- _Record set_
+ + + +

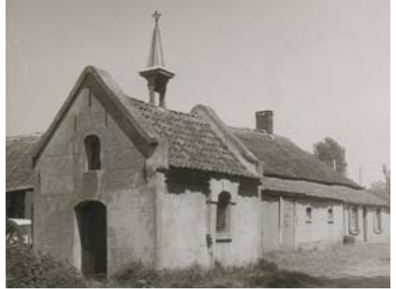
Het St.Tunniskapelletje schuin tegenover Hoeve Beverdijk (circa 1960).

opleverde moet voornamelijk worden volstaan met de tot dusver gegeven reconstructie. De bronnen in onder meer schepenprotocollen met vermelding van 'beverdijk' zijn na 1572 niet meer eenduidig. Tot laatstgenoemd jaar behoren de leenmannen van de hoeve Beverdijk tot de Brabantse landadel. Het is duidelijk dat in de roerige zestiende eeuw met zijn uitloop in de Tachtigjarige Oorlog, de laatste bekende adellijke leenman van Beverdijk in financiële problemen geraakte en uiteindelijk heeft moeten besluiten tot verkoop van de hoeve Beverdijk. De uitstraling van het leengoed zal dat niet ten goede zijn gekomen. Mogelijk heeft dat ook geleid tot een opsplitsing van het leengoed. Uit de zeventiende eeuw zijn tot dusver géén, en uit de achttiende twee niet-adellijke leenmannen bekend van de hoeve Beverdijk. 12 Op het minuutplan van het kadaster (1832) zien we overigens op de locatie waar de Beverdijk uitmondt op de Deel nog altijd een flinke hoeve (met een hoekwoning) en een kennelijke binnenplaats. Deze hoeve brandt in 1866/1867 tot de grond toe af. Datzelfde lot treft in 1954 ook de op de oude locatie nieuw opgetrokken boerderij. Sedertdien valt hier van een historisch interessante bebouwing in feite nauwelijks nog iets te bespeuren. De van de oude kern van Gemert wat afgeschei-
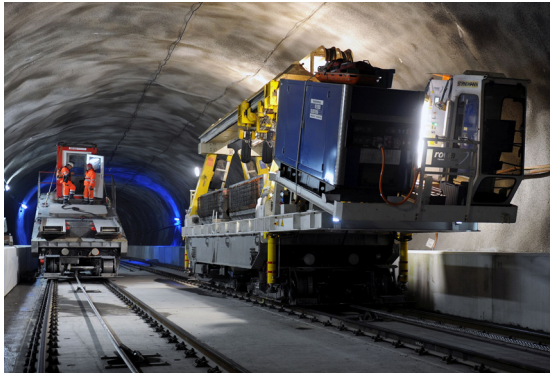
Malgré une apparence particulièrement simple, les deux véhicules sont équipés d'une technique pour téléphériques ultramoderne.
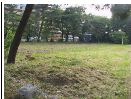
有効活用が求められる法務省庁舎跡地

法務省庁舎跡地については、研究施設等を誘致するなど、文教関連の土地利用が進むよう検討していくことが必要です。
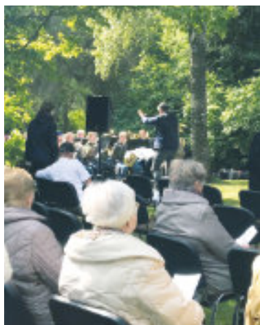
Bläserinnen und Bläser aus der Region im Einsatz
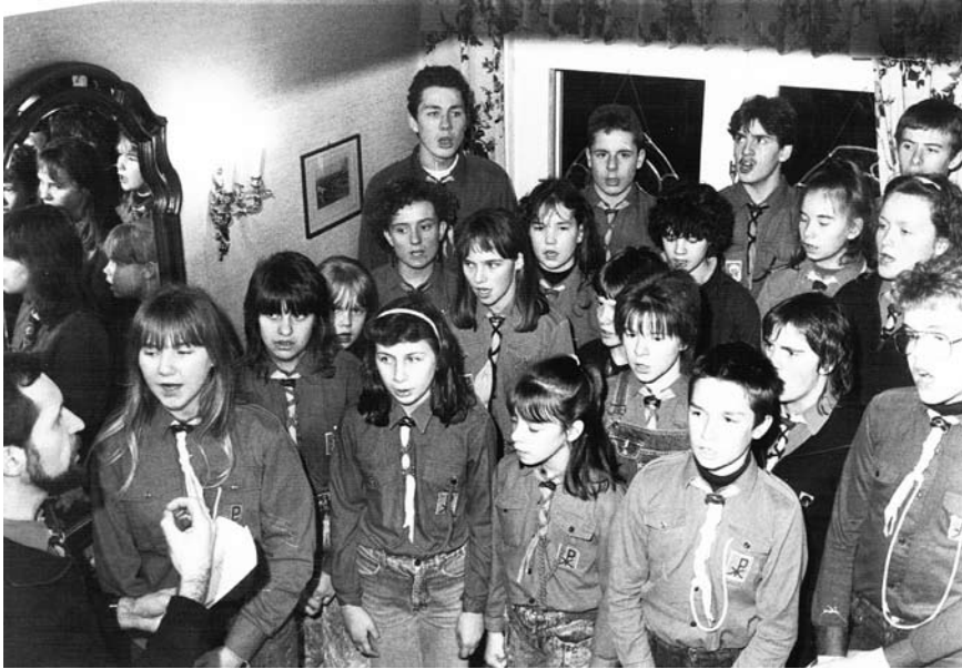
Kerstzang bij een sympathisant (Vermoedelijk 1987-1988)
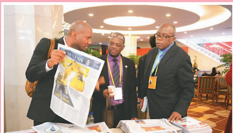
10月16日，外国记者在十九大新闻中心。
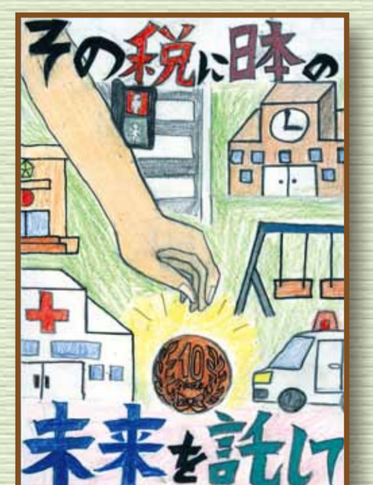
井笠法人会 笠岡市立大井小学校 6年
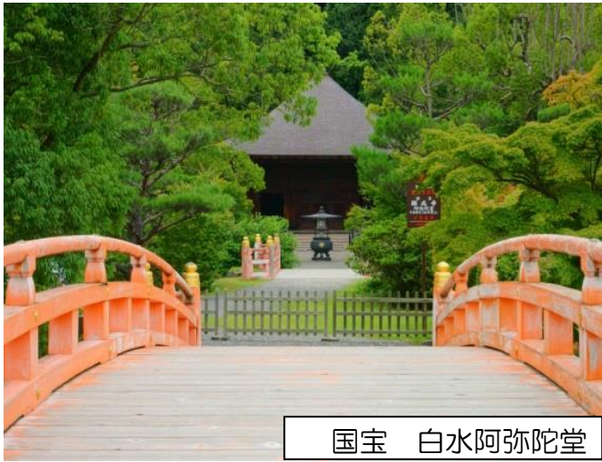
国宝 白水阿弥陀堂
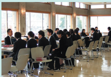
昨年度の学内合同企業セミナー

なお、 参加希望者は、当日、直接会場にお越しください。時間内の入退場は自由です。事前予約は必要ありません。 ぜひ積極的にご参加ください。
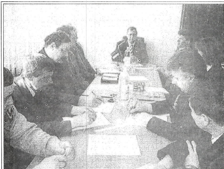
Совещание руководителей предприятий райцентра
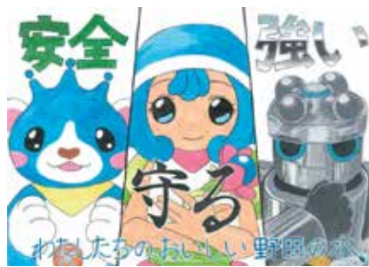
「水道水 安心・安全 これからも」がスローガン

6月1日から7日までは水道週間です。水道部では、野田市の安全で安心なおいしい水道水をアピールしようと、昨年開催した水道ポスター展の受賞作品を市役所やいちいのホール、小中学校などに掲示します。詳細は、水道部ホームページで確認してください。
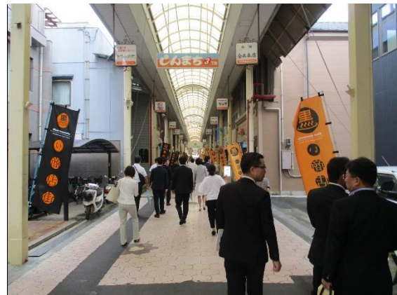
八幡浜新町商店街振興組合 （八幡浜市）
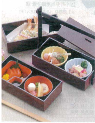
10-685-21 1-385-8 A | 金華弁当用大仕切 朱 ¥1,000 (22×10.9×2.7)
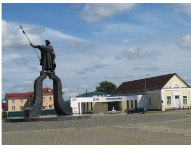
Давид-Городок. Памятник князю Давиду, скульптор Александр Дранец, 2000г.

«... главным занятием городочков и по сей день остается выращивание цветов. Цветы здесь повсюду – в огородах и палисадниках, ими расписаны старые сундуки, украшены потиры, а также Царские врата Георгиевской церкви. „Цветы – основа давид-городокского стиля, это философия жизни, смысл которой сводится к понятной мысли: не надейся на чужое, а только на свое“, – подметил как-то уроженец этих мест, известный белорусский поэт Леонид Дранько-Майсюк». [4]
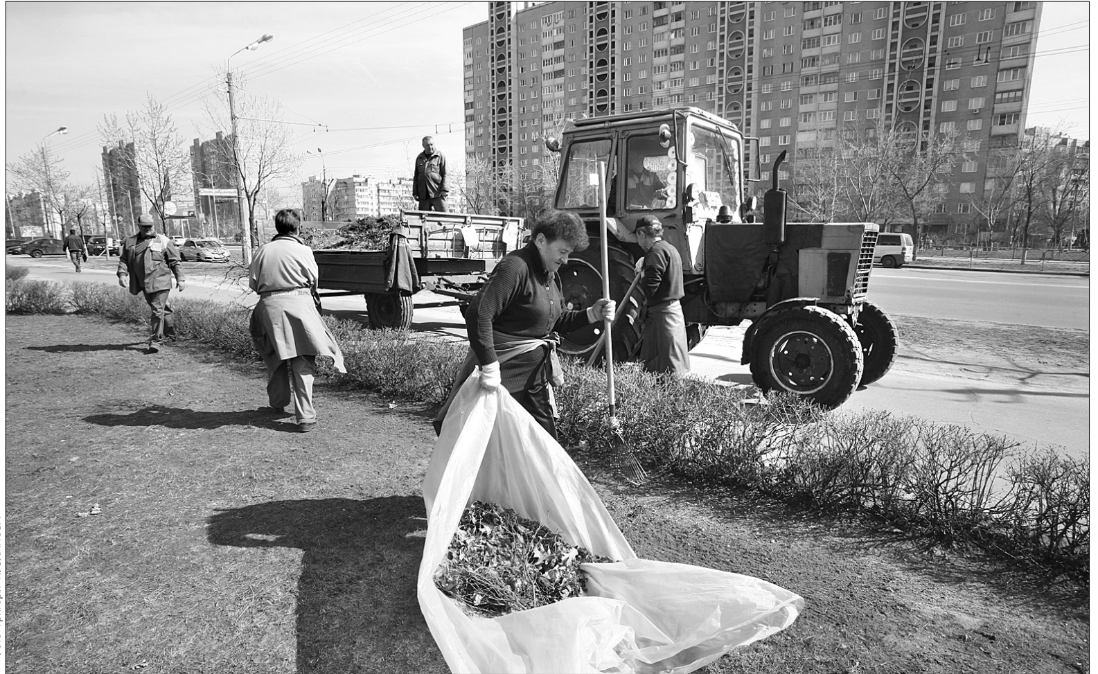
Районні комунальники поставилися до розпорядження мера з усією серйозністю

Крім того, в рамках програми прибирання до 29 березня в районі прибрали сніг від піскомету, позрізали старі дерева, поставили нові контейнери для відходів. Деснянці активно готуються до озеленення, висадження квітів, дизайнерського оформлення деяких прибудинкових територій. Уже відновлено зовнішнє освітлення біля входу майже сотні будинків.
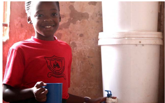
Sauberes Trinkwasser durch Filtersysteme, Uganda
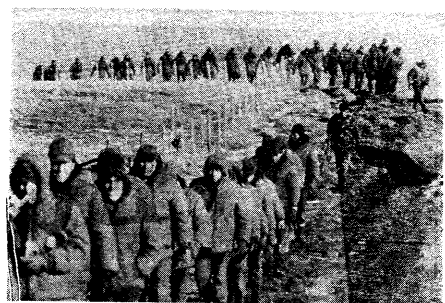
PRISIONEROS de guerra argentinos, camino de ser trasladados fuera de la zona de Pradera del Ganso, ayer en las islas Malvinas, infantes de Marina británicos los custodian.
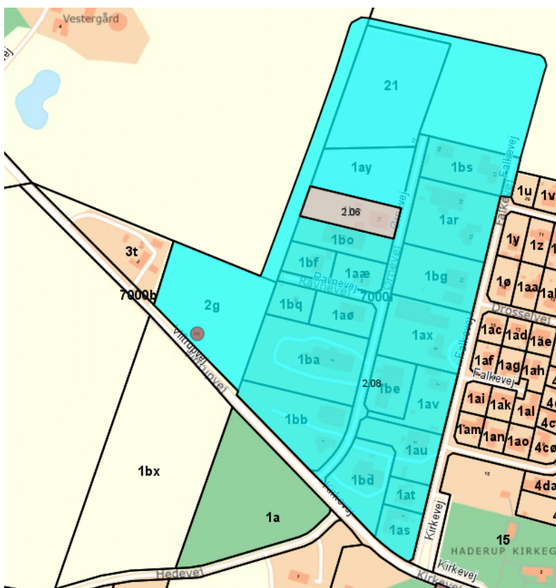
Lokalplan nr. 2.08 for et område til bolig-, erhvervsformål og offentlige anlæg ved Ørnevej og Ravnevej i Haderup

+ + + +

- _Task goal_
Which of the lines in the data hold the string "Beverdijk"? Report each of them by copying it.

- _Your solution_
Het St.Tunniskapelletje schuin tegenover Hoeve Beverdijk (circa 1960).
opleverde moet voornamelijk worden volstaan met de tot dusver gegeven reconstructie. De bronnen in onder meer schepenprotocollen met vermelding van 'beverdijk' zijn na 1572 niet meer eenduidig. Tot laatstgenoemd jaar behoren de leenmannen van de hoeve Beverdijk tot de Brabantse landadel. Het is duidelijk dat in de roerige zestiende eeuw met zijn uitloop in de Tachtigjarige Oorlog, de laatste bekende adellijke leenman van Beverdijk in financiële problemen geraakte en uiteindelijk heeft moeten besluiten tot verkoop van de hoeve Beverdijk. De uitstraling van het leengoed zal dat niet ten goede zijn gekomen. Mogelijk heeft dat ook geleid tot een opsplitsing van het leengoed. Uit de zeventiende eeuw zijn tot dusver géén, en uit de achttiende twee niet-adellijke leenmannen bekend van de hoeve Beverdijk. 12 Op het minuutplan van het kadaster (1832) zien we overigens op de locatie waar de Beverdijk uitmondt op de Deel nog altijd een flinke hoeve (met een hoekwoning) en een kennelijke binnenplaats. Deze hoeve brandt in 1866/1867 tot de grond toe af. Datzelfde lot treft in 1954 ook de op de oude locatie nieuw opgetrokken boerderij. Sedertdien valt hier van een historisch interessante bebouwing in feite nauwelijks nog iets te bespeuren. De van de oude kern van Gemert wat afgeschei-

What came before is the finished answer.